I took that as him saying he didn't want to talk to me or even look at me. My reaction was to simply walk to my seat in the back, embarrassed and hopelessly ashamed of myself.

The entire 45 minutes flew by quickly with not even one look from Cameron and that scared me. I feel like I blew everything I had with him already, and I wasn't sure how I would approach him.

When we were dismissed, Cameron got up and walked out of the classroom quickly while I went slowly; I was dreading any kind of attention I would get for wearing the dress code pants. I took as long as I possibly could so the hallway traffic would die down and I could save myself from more embarrassment.

Getting tired of waiting and only waiting five extra minutes, I plunged into the hallway and quickly made my way to the office. After exchanging those ugly sweatpants for my shorts, I managed to walk home alone.

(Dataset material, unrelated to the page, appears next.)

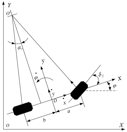 The vehicle dynamics model is shown in Figure 1. By applying Newton’s law to the vehicle’s center of gravity, the dynamic model can be written as []: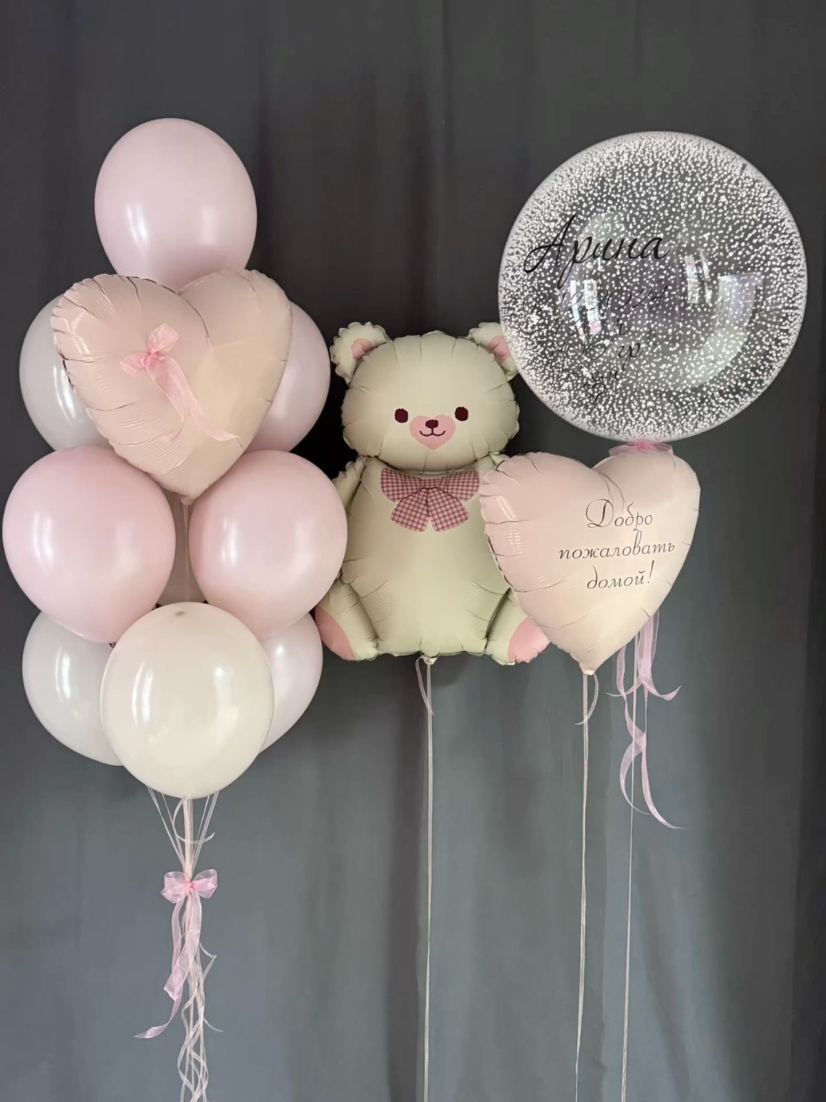Цвет шаров, цвет ленты, фигура, надпись на шар, количество - заменяемы, согласовываются при заказе.

When I walked into my house, my mother was in the middle of her routine of fixing dinner for later. "Jewels?" she yelled at me.

"No, it's a burglar!" I replied back, my own dry humor causing me to giggle.

I approached into the kitchen, but didn't plan on staying for long.

"How was everything with Cam today?" She asked me and I felt my heart drop.

"Not well, he didn't even look at me or talk to me," I decided to let it all out, "and not to mention, I was humiliated by getting dress coded and everyone laughed at me."

"I'm sorry, hun," my mom said trying to comfort me.

Already making my way upstairs to my room, I was yelling, "NOW I'M JUST GOING TO GO SIT IN MY ROOM AND FIGURE OUT HOW TO APOLOGIZE TO CAMERON!"

I was hoping my mom would give me a clever idea or something to help me figure out my problem, but she ignored my bait, "Good Luck!" That was all she said.

I opened the book I was reading in the library earlier, but my thoughts were so jumbled up in my head that I couldn't even focus on my book. That was the first time and only Cameron has been the only one to be able to do that. Not even the thought of Grace's death could turn me away from a book; it was my escape, but I felt like World War III wouldn't end in my head until everything was right between me and Cameron.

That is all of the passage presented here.